Baca juga: Tank Gaek Bertahan Hidup
Selain digunakan ČSLA, mulanya RM-70 dibuat untuk pesanan di antara circle blok Timur seperti Jerman Timur dan Bulgaria. Pasca-kolapsnya Uni Soviet, RM-70 diekspor ke sejumlah negara Eropa Barat, Amerika Utara dan Amerika Selatan, Afrika, hingga Asia.
Maka RM-70, baik versi dasar maupun versi-versi lanjutan, hampir selalu eksis di berbagai palagan. Perang Sahara Barat (1975-1991), konflik Afghanistan (1978-2001), Perang Saudara Sri Lanka (1983-2009), hingga Perang Saudara Yaman (sejak 2014) dan operasi militer Rusia ke Ukraina yang masih berkobar sampai sekarang.

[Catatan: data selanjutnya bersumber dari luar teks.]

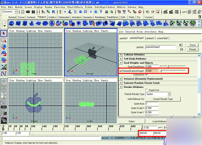 10把时间滑块旁边的显示祯数与结束祯数都设置为500。选中粒子,按下ctrl+a,打开它的属性设置面板,并展开它的goal weights and objects卷轴栏。将时间滑块拨动到第一祯,将polysurfacesshape1设置为0,并按下"s"键设置一个关键祯。将时间滑块拨动到最后一祯,将polysurfacesshape1设置为8,并按下"s"键设置一个关键祯。关键祯会在时间轴上以一条小红线来标示。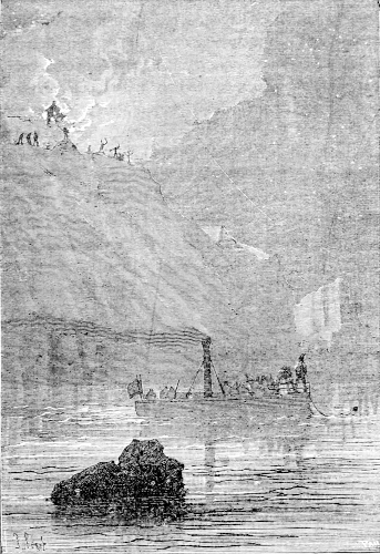 Looking in the direction indicated by the bushman, Emery could just see a light streak rolling round the bend of the river: there was no longer any doubt. The vessel advanced rapidly, and he could soon make out the funnel pouring forth a torrent of black smoke mingling with white steam. They had evidently made up their fires to increase their speed, so as to reach the appointed place on the exact day. The vessel was still about seven miles from the Falls of Morgheda. It was then twelve o'clock, and as it was not a good place for landing, the astronomer determined to return to the foot of the cataract: he told his plan to the hunter, who only answered by turning back along the path he had just cleared along the left bank of the stream. Emery followed, and, turning round for the last time at a bend in the river, saw the British flag floating from the stern of the vessel. The return to the falls was soon effected, and in an hour's time the bushman and the astronomer halted a quarter of a mile below the cataract; for there the shore, hollowed into a semicircle, formed a little creek, and as the water was deep right up to the bank, the steamboat could easily land its passengers. The vessel could not be far off now, and it had certainly gained on the two pedestrians, although they had walked so fast; it was not yet in sight, for the lofty trees which hung quite over the river-banks into the water, and the slope of the banks themselves, did not allow of an extensive view. But although they could not hear the sound made by the steam, the shrill whistle of the machinery broke in distinctly on the monotonous roar of the cataract; and as this whistling continued, it was evident that it was a signal from the boat to announce its arrival near the falls. The hunter replied by letting off his gun, the report being repeated with a crash by the echoes of the shore. At last the vessel was in sight, and William Emery and his companion were seen by those on board. At a sign from the astronomer the vessel turned, and glided quietly alongside the bank; a rope was thrown ashore, which the bushman seized and twisted round the broken stump of a tree, and immediately a tall man sprang lightly on to the bank, and went towards the astronomer, whilst his companions landed in their turn. William Emery also advanced to meet the stranger, saying inquiringly, "Colonel Everest?"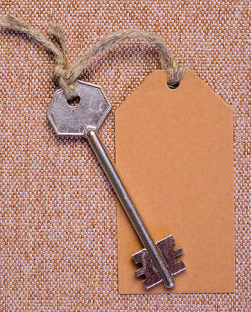 a vintage metal key with an ornate design sits on a plain surface, offering space for text or design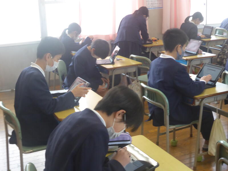 5年生は、短歌を作り、タブレットに保存しみんなで共有する活動をしていました。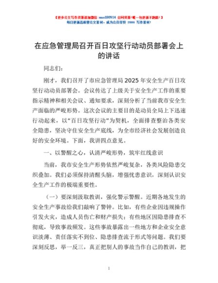 / 在应急管理局召开百日攻坚行动动员部署会上的讲话
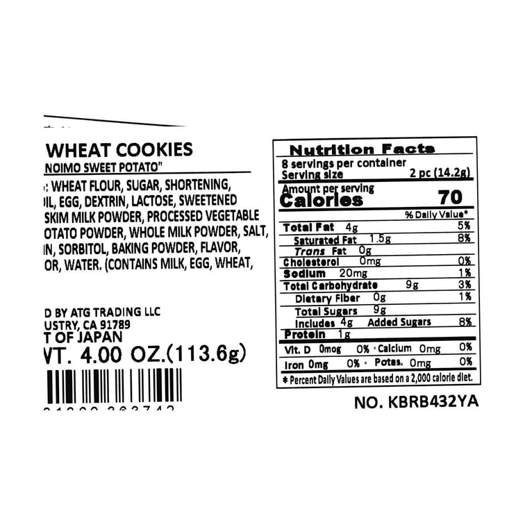 ロアンヌ ベイクドウィートクッキー、安納芋サツマイモ風味ウエハースビスケット、4オンス【季節限定】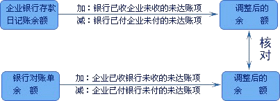 (2)企业已付,银行未付;即企业已付款入账,银行尚未付款入账;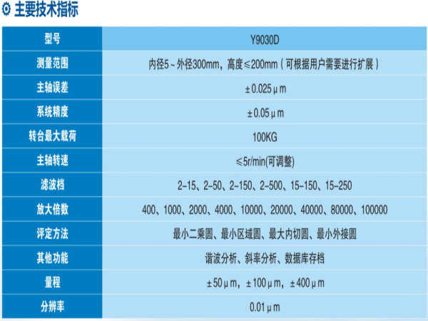 Y90D系列圓度測量儀是以大承重高精度氣浮主軸為基準,采用計算機測量系統(tǒng)的轉臺式通用型圓度儀,適用于大型回轉體工件的的圓度、波紋度、同軸度等參數的測量,主要應用于大型精密機械制領域。儀器主要由氣浮主軸、精密調平調心工作臺、花崗巖臺面和立柱、高精度電感測頭、精密旋轉編碼器、驅動控制電箱、高精度測量電箱、空氣過濾干燥系統(tǒng)以及基于windows XP的專用測量分析軟件組成。
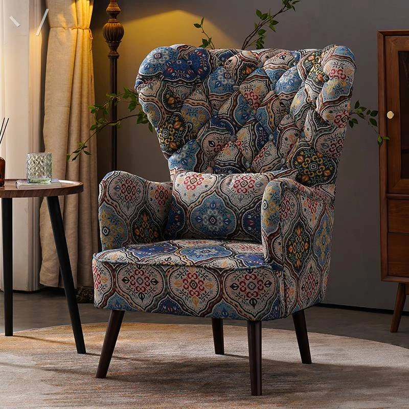American Style Vintage Cottage Single Sofa Chair - Retro Floral Fabric for Cozy Bedrooms and Balconies, Perfect for Relaxing in Style!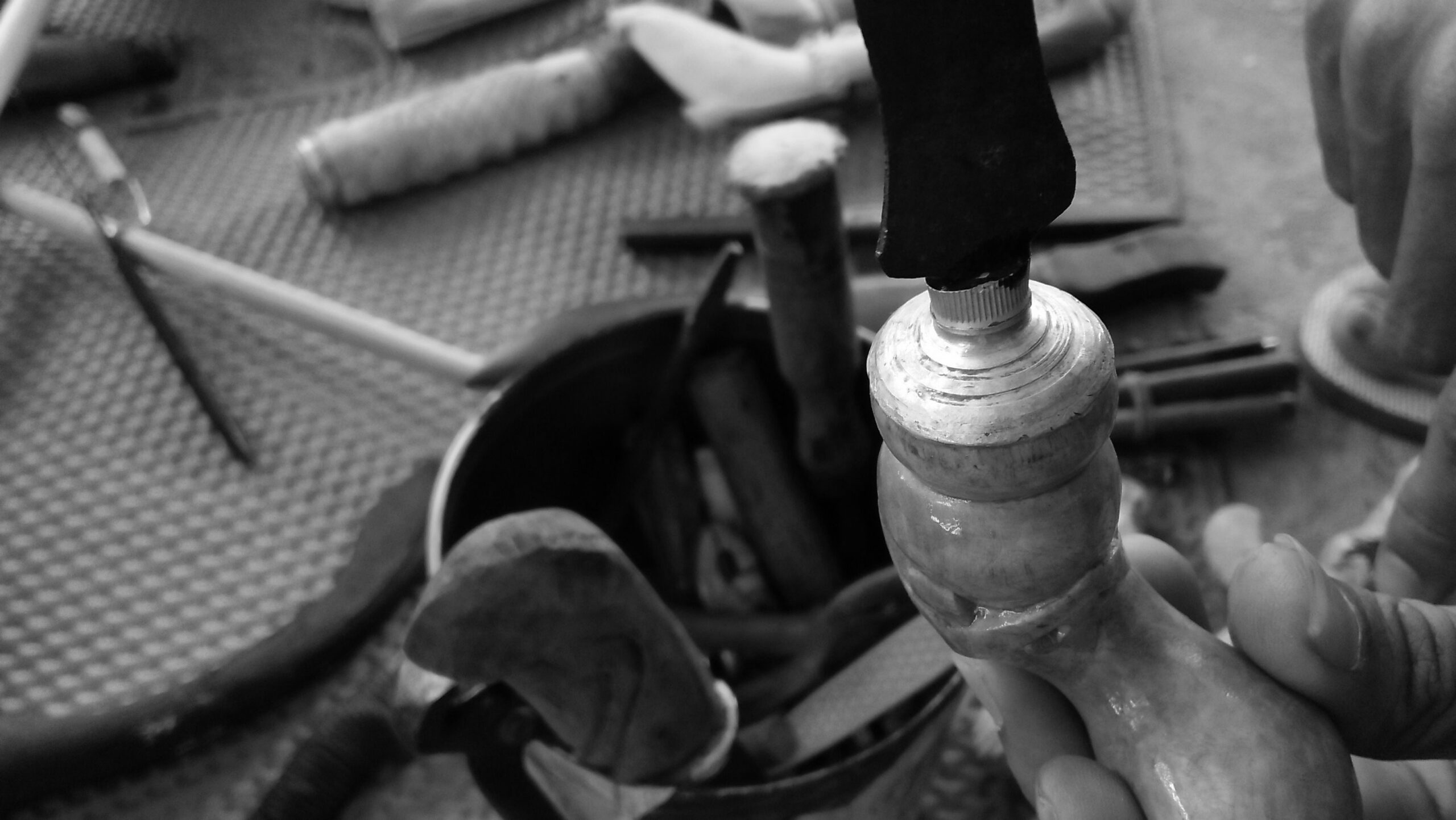 Setelah berbincang bincang seputar alat transportasi alternatif yang mempermudah pertanian ketika zaman beliau muda dulu. Ada beberapa narasi menarik terkait perkembangan pola yang sama pada hari ini. Sesuatu yang unik terlihat pada sebuah gagang dan mata pisau juga keris-keris buatan Buya. Alat itu sungguh membuat saya bersama teman-teman tertawa dan merasa tertipu oleh pisau ukiran buya. Ternyata alat itu terbuat dari bahan seadanya yang mudah ditemui sekitar kita yaitu dengan menggunakan ujung pasta odol yang telah dipotong, lalu disematkan antara gagang dan pisau. Kata buya, alat itu dinamakan saluik/bawa yaitu penyambung dari gagang ke pisau. Selain menggunakan pasta odol bekas beliau juga memakai paralon dan bekas tempat lipstick untuk dijadikan saluik/bawa.

Indonesia sendiri, khususnya Korps Marinir, memiliki sembilan unit RM-70 “Grad” sejak 2003. Sementara RM-70 “Vampire” yang termutakhir sebanyak delapan unit baru memperkuat Batalyon Roket-1 Marinir sejak 2016, yang acap digunakan untuk beragam latihan rutin korps dan latihan gabungan.